YOUR GOAL: Go through the listing below and retype exactly the lines starting at the one with "Besteckeinsatz. Für 1000" and ending at the one with "Whimsical Hand zeichnete", skipping pictures.

SUPPLIED DATA:
☆ ☆ ☆ ☆
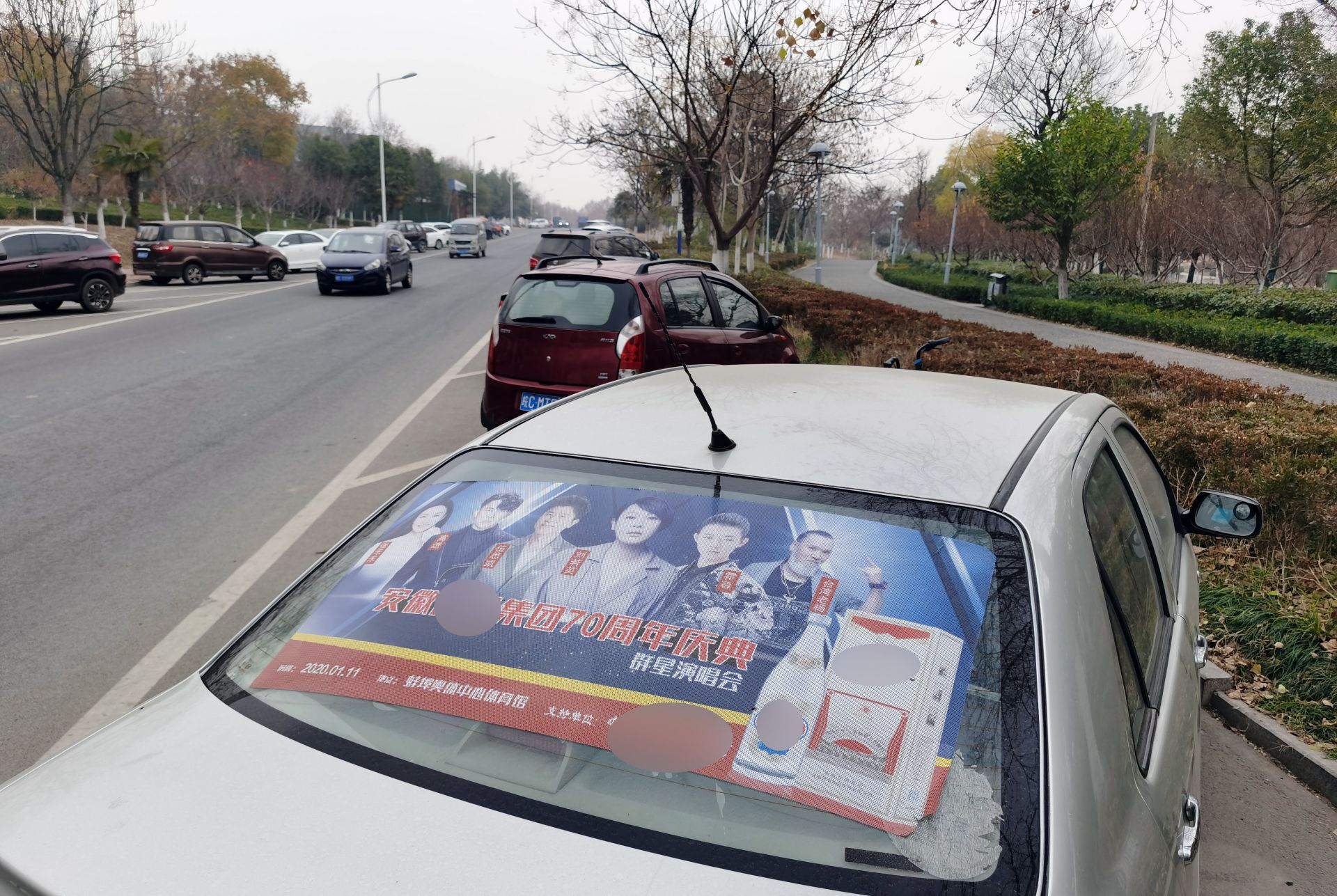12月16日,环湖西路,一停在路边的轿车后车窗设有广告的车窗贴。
☆ ☆ ☆ ☆
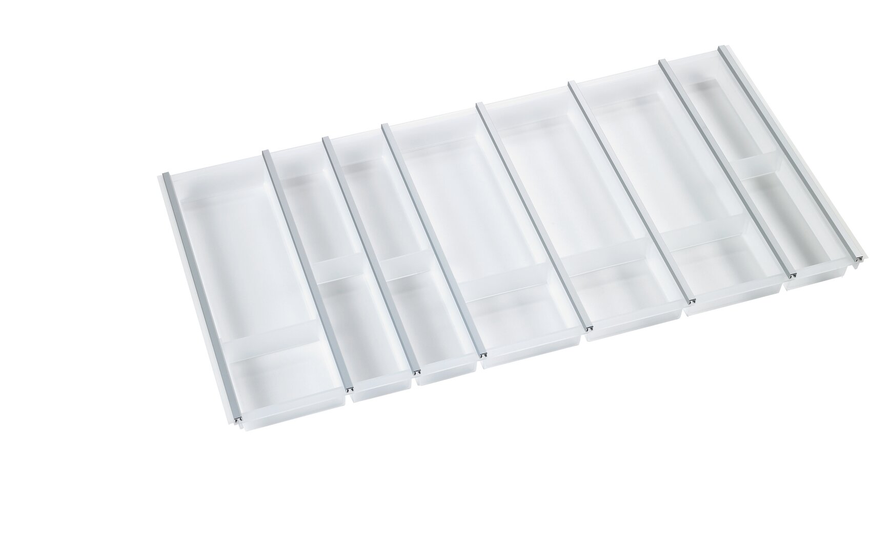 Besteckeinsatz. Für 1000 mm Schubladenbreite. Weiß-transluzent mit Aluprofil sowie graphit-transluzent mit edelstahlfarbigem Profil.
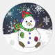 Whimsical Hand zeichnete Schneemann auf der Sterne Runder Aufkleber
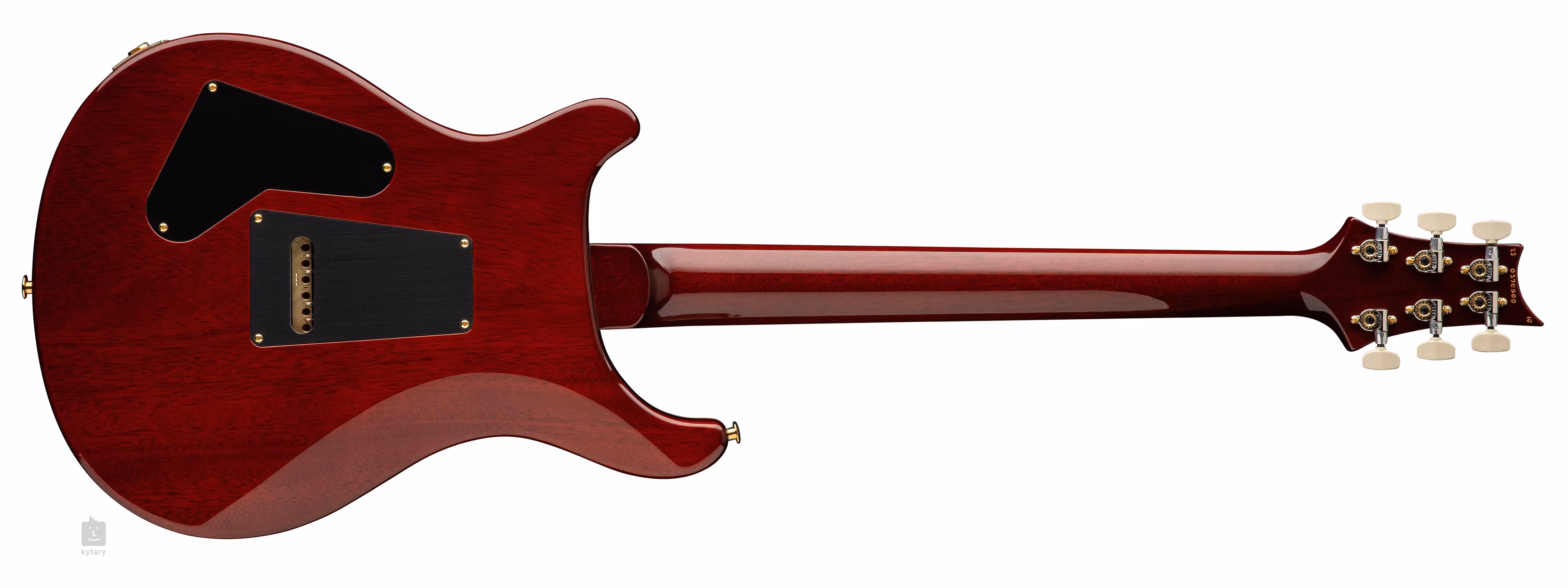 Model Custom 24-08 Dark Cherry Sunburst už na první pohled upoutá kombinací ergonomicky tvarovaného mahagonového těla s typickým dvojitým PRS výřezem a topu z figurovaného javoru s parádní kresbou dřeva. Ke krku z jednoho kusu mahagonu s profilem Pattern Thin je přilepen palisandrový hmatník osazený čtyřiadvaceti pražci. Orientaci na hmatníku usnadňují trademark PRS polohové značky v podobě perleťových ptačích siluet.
☆ ☆ ☆ ☆
OUTPUT FOR THIS TASK:
 Besteckeinsatz. Für 1000 mm Schubladenbreite. Weiß-transluzent mit Aluprofil sowie graphit-transluzent mit edelstahlfarbigem Profil.
 Whimsical Hand zeichnete Schneemann auf der Sterne Runder Aufkleber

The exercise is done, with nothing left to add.